The Effects of Intermittent Hypoxia on Acute Hypoxic Injury

Acute Mountain Sickness Clinical Trial

Official title:

The Effects of Intermittent Hypoxia on Acute Hypoxic Injury

Clinical Trial Details — Status: Recruiting

Administrative data

• NCT number: NCT05733338
• Other study ID #: IH-AHI
• Status: Recruiting
• Phase: N/A
• Start date: March 1, 2023
• Est. completion date: April 30, 2023

Study information

• Verified date: March 2023
• Source: Capital Medical University
• Contact: Yuan Wang, M.D.
• Phone: +86-135 8156 7815
• Email: wilma0106[@]163.com
• Is FDA regulated: No
• Study type: Interventional

Clinical Trial Summary

This study intends to further reveal the effectiveness of intermittent hypoxia in preventing acute hypoxic injury.

Description:

Acute exposure to hypoxia can induce acute hypoxic injury (AHI), according to the severity of the injury, it can be divided into acute mountain sickness (AMS), high altitude pulmonary edema (HAPE) and high altitude cerebral edema (HACE). AMS is the most common type, it mostly occurs within 6-12 hours after rapidly entering the altitude above 2500m, sometimes within 1h, and can be manifested as headache, nausea, diarrhea, sleep disorders, etc. The incidence of AMS at the altitude of 2500-3000m is 10-20%, which reaches 50-85% at 4500-5000m above sea level.
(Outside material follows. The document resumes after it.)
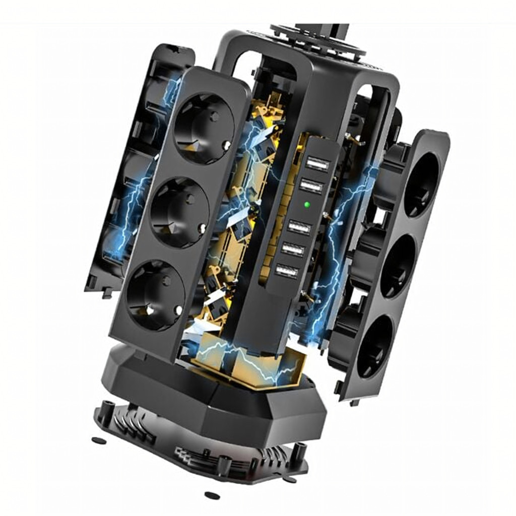 Ez a modern, függőleges elosztó funkcionális és biztonságos megoldás otthoni és irodai használatra egyaránt. Kompakt kialakításának és számos portjának köszönhetően rendszerezheti a teret, és egyszerre több eszközt is működtethet – káosz és kusza kábelek nélkül.

Intermittent hypoxia (IH) refers to periodic hypoxic-normoxic training performed with brief exposure to hypoxia. Previous studies have found that short-term intermittent hypoxia can increase the sensitivity of hypoxia and reduce the severity of acute hypoxia injury, and alleviate acute hypoxia injury by reducing the inflammatory response caused by hypoxia. Therefore, this study aims to conduct a randomized controlled trial to further reveal the effectiveness of IH and explore its potential mechanisms.

Recruitment information / eligibility

• Status: Recruiting
• Enrollment: 100
• Est. completion date: April 30, 2023
• Est. primary completion date: April 30, 2023
• Accepts healthy volunteers: Accepts Healthy Volunteers
• Gender: All
• Age group: 18 Years to 45 Years

Eligibility

Inclusion Criteria:

• Informed written consent from the volunteers.
• Healthy volunteers between ages of 18 and 45 years, body mass index (BMI) of 19.0 and 24.9 kg/m2.
• Long-term residence at flatland (altitude of <100 m), not having been to an altitude =1500 m in 30 days.
• Resting peripheral oxygen saturation of more than 90%, cerebral oxygen saturation between 58%-82%, heart rate between 60 bpm and 100 bpm, and blood pressure within the normal range (90-130/60-80 mmHg).

Exclusion Criteria:

• History of cardiovascular, cerebrovascular, pulmonary, hepatic, dermatologic, or hematologic diseases.
• History of substance abuse.
• The use of medications or medical devices.
• Pregnancy, hypertension, diabetes mellitus, obesity, sleep apnea and neurological disorders.

Related Conditions & MeSH terms

• Acute Mountain Sickness
• Altitude Sickness
• Hypoxia

Intervention

Other:
• Intermittent Hypoxia
The intermittent hypoxia protocol refers to four cycles of 10 minutes hypoxia inhaling interval by 5 minutes normoxia, which is performed twice a day (at least 6 hours apart) in 5 days.
• Sham Intermittent Hypoxia
The sham intermittent hypoxia protocol refers to 55 minutes normoxia inhaling, which is performed twice a day (at least 6 hours apart) in 5 days.

Locations

Country	Name	City	State
China	Xuanwu Hospital, Capital Medical University	Beijing

Sponsors (1)

Lead Sponsor	Collaborator
Capital Medical University

Country where clinical trial is conducted

China, 

Outcome

Type	Measure	Description	Time frame	Safety issue
Primary	Incidence of acute mountain sickness between IH group and control group	A questionnaire called 2018 Lake Louise Scoring System (LLSS) score [0-12] will be used in this primary outcome assessment. The higher LLS scores mean the worse symptoms of acute mountain sickness (AMS).	After the 6-hour acute hypoxia exposuring.
Secondary	Concentration of serum parameters between IH group and control group		After the 6-hour acute hypoxia exposuring.
Secondary	Incidence of intracranial hypertension between IH group and control group	A noninvasive cranial pressure detector will be used to monitor the intracranial pressure.	After the 6-hour acute hypoxia exposuring.
Secondary	Incidence of decreased reaction and executive ability between IH group and control group	Related questionnaires will be used to assess the relevant cognitive domain.	After the 6-hour acute hypoxia exposuring.